Thursday, July 14, 2011

Camping this Weekend

The annual Indian Guides camping trip is coming up tomorrow. As usual, it will be two thousand degrees outside with one-hundred twenty percent humidity. The sun is forecast to dip within ten feet of the ground above my tent, just when I will be struggling to erect it.

But we will survive. We always do.

These father-daughter outings are supposed to free up our wives for a time.

I wonder, though, if time just continues to fly by for our spouses - leaving in its wake the guilt of unfulfilled aspirations.

In either case, I cannot wait to get home on Sunday. Tired, unshaven, caked with sweat, craving a beer and a shower in no particular order. Coming home is sweet.

Saturday, July 9, 2011

Proud of my Daughter

I had never taken my daughter to Cedar Point before (my son would not handle the lines well, so it was just my daughter and I). She had never rode anything beyond carnival rides. Walking into the park, I looked up at the Raptor and suggested we ride that.

"No, Daddy. Let's keep going."

Oh, at that point I knew where this was going. She was going to be scared of anything challenging. Iron Dragon came first. It's a fairly tame, swoopy hanging coaster. That scared her and she screamed the entire ride. Truth be told, I found it a bit scary, too. It had been more than a dozen years, and the body forgets. After that first ride, though, I was readjusted. Bring 'em all on.

Well, my daughter wasn't quite there, yet. So we rode the Corkscrew, followed by the Magnum. Okay. Now she's not only hooked, but riding the big rides. By the afternoon, she was dragging me towards the Millennium Force. Heh.

She conquered her fear - trusted her father and pushed herself.

All her petty transgressions pale in comparison to her fortitude and resilience. She's an impressive little girl - at least to me. Realizing that is as much fun as anything in the park.

Sunday, July 3, 2011

Morning Mystery

I don't want an omelet. I want scrambled eggs - with onions, tomatoes, and cheese in them.

"What's the difference?" I asked. I did not receive a satisfactory answer. My wife said because omelets are too big (offering her half an omelet did not seem to placate her). My daughter said that I'm more likely to burn an omelet (by which she means even the slightest browning), but when they aren't burnt my omelets are delicious.
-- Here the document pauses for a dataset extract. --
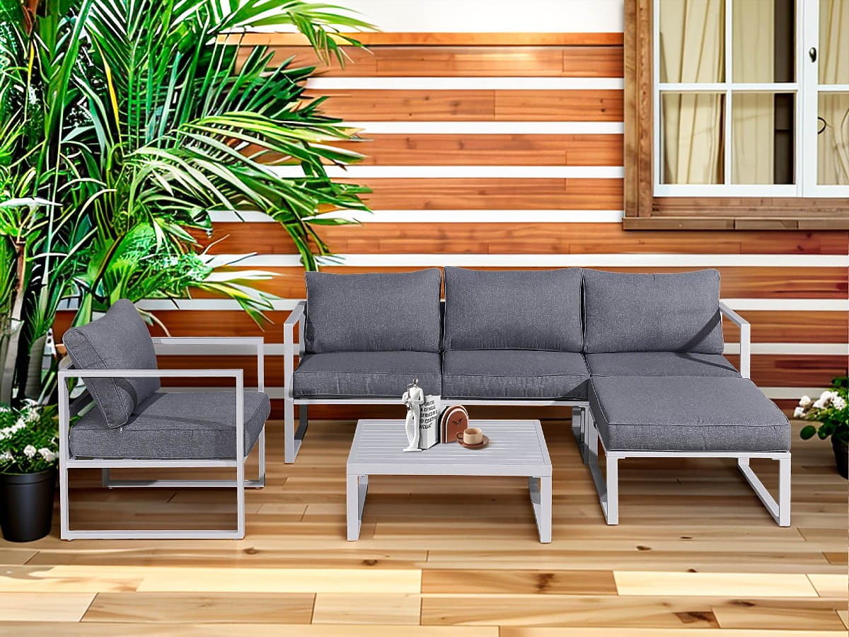Ensemble de mobilier de terrasse en aluminium (Canapé 204 cm, fauteuil, tabouret + table) MOSTRARE B

I understand that there are a few impenetrable mysteries to life. Questions such as, "why don't ripe olives come in jars, too?" Some things Man was not meant to know. But this morning's mystery required a bit of research on my part.
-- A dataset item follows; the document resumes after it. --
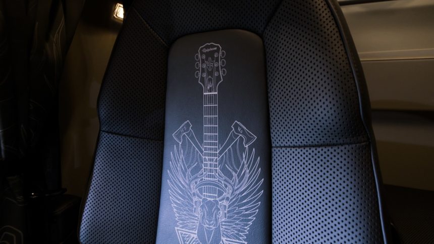 Interiorul cabinei este dominat de negru, culoarea specifică muzicii rock. Tapițeria de piele a scaunelor, fețele ușilor, dar și perdelele, sunt decorate cu elemente rock.

According to The Atlantic's food writer, Corby Kummer, "the chief difference between an omelet and scrambled eggs is one of social status."

Julia Child described the omelet as, "soft-cooked scrambled eggs, wrapped in an envelope of firmly-cooked scrambled eggs."

Neither of these people are any help. An omelet is scrambled eggs - cooked with a bit of flair, perhaps, but that's it.

I like making omelets. They're easy, and not as pedestrian as a pan of scrambled eggs. I'll be damned if I can get someone to tell me why one must be in "the mood" for an omelet, as opposed to wanting scrambled eggs.

No, I did not suggest a frittata as a compromise. I have principles.